Bagaimana Menjadi Percaya Diri

advertisement
Bagaimana Menjadi Percaya Diri ?
Kategori Individual
Oleh : Ubaydillah, AN
Jakarta, 10 November 2006
GABUNGAN 3M
Dalam bahasa gaul harian, pede yang kita maksudkan adalah percaya diri. Semua orang
sebenarnya punya masalah dengan istilah yang satu ini. Ada orang yang merasa telah
kehilangan rasa kepercayaan diri di hampir keseluruhan wilayah hidupnya. Mungkin terkait
dengan soal krisis diri, depresi, hilang kendali, merasa tak berdaya menatap sisi cerah masa
depan, dan lain-lain. Ada juga orang yang merasa belum pede dengan apa yang dilakukannya
atau dengan apa yang ditekuninya. Ada juga orang yang merasa kurang percaya diri ketika
menghadapi situasi atau keadaan tertentu. Berdasarkan praktek hidup, kita bisa mengatakan
bahwa yang terakhir itu normal dalam arti dialami oleh semua manusia.

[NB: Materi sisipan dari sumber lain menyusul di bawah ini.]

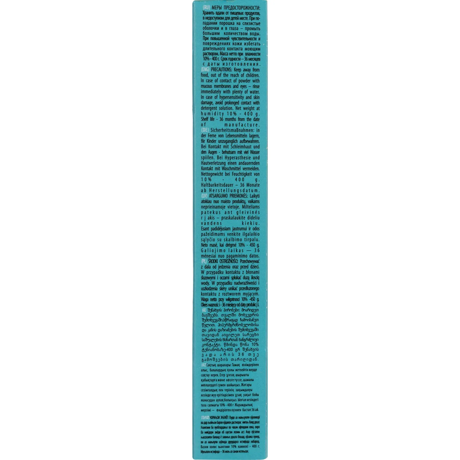 Меры предосторожности: при повышенной чувствительности и повреждениях кожи следует избегать длительного контакта с моющим раствором. В случае попадания стирального порошка на слизистую оболочку глаз, немедленно промыть проточной водой. Беречь от детей.
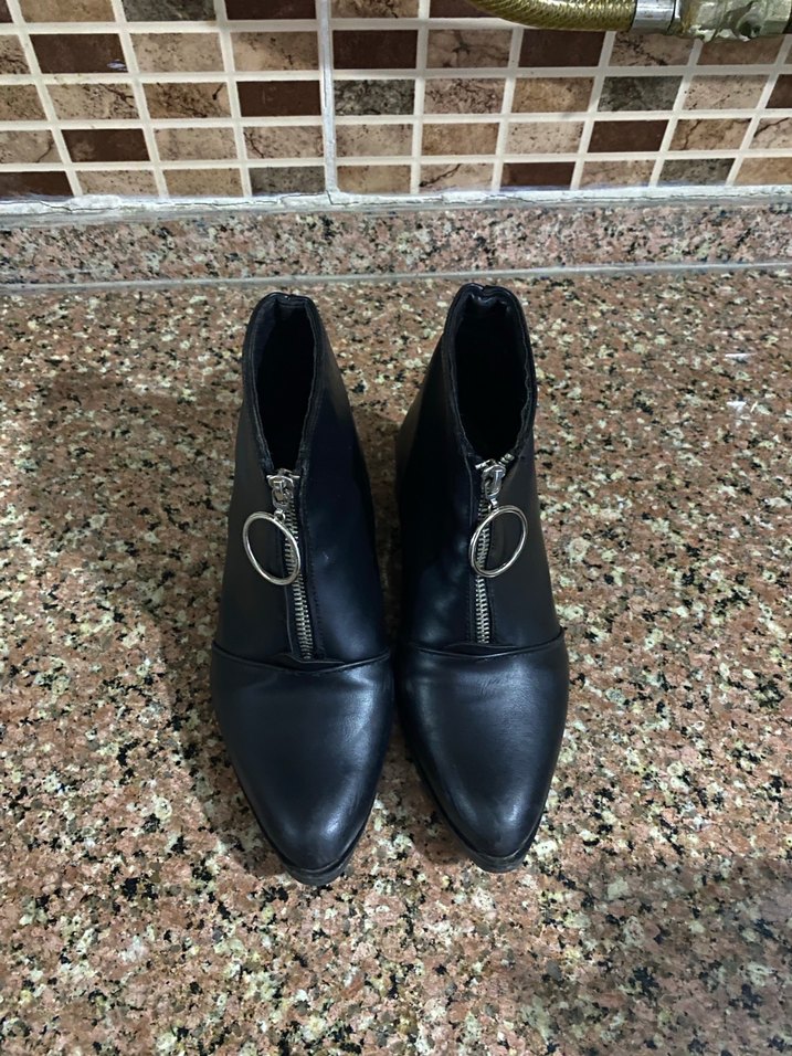 Siyah deri, blok topuklu kadın botları, ön fermuar ve halka detaylı. Minimalist ve gotik tarzda, günlük kullanıma uygun. Bir kaç defa giyildi bir sorunu yoktur.(kullanılmayan tezgahtır)

Sebenarnya apa sih yang kita maksudkan dengan istilah pede itu? Kalau melihat ke literatur
ilmiahnya, ada beberapa istilah yang terkait dengan persoalan pede ini. Di sini saya hanya ingin
menyebutkan empat saja:




Self-concept: bagaimana Anda menyimpulkan diri anda secara keseluruhan, bagaimana
Anda melihat potret diri Anda secara keseluruhan, bagaimana Anda mengkonsepsikan
diri anda secara keseluruhan.
Self-esteem: sejauh mana Anda punya perasaan positif terhadap diri Anda, sejauhmana
Anda punya sesuatu yang Anda rasakan bernilai atau berharga dari diri Anda, sejauh
mana Anda meyakini adanya sesuatu yang bernilai, bermartabat atau berharga di dalam
diri Anda
Self efficacy: sejauh mana Anda punya keyakinan atas kapasitas yang Anda miliki untuk
bisa menjalankan tugas atau menangani persoalan dengan hasil yang bagus (to
succeed). Ini yang disebut dengan general self-efficacy. Atau juga, sejauhmana Anda
meyakini kapasitas anda di bidang anda dalam menangani urusan tertentu. Ini yang
disebut dengan specific self-efficacy.
Self-confidence: sejauhmana Anda punya keyakinan terhadap penilaian Anda atas
kemampuan Anda dan sejauh mana Anda bisa merasakan adanya "kepantasan" untuk
berhasil. Self confidence itu adalah kombinasi dari self esteem dan self-efficacy (James
Neill, 2005)
Berdasarkan itu semua, kita juga bisa membuat semacam kesimpulan bahwa kepercayaan-diri itu adalah
efek dari bagaimana kita merasa (M1), meyakini (M2), dan mengetahui (M3). Orang yang punya
kepercayaan diri rendah atau kehilangan kepercayaan diri memiliki perasaan negatif terhadap dirinya,
memiliki keyakinan lemah terhadap kemampuan dirinya dan punya pengetahuan yang kurang akurat
terhadap kapasitas yang dimilikinya. Ketika ini dikaitkan dengan praktek hidup sehari-hari, orang yang
memiliki kepercayaan rendah atau telah kehilangan kepercayaan, cenderung merasa / bersikap sebagai
berikut :






Tidak memiliki sesuatu (keinginan, tujuan, target) yang diperjuangkan secara sungguh-sungguh
Tidak memiliki keputusan melangkah yang decissive (ngambang)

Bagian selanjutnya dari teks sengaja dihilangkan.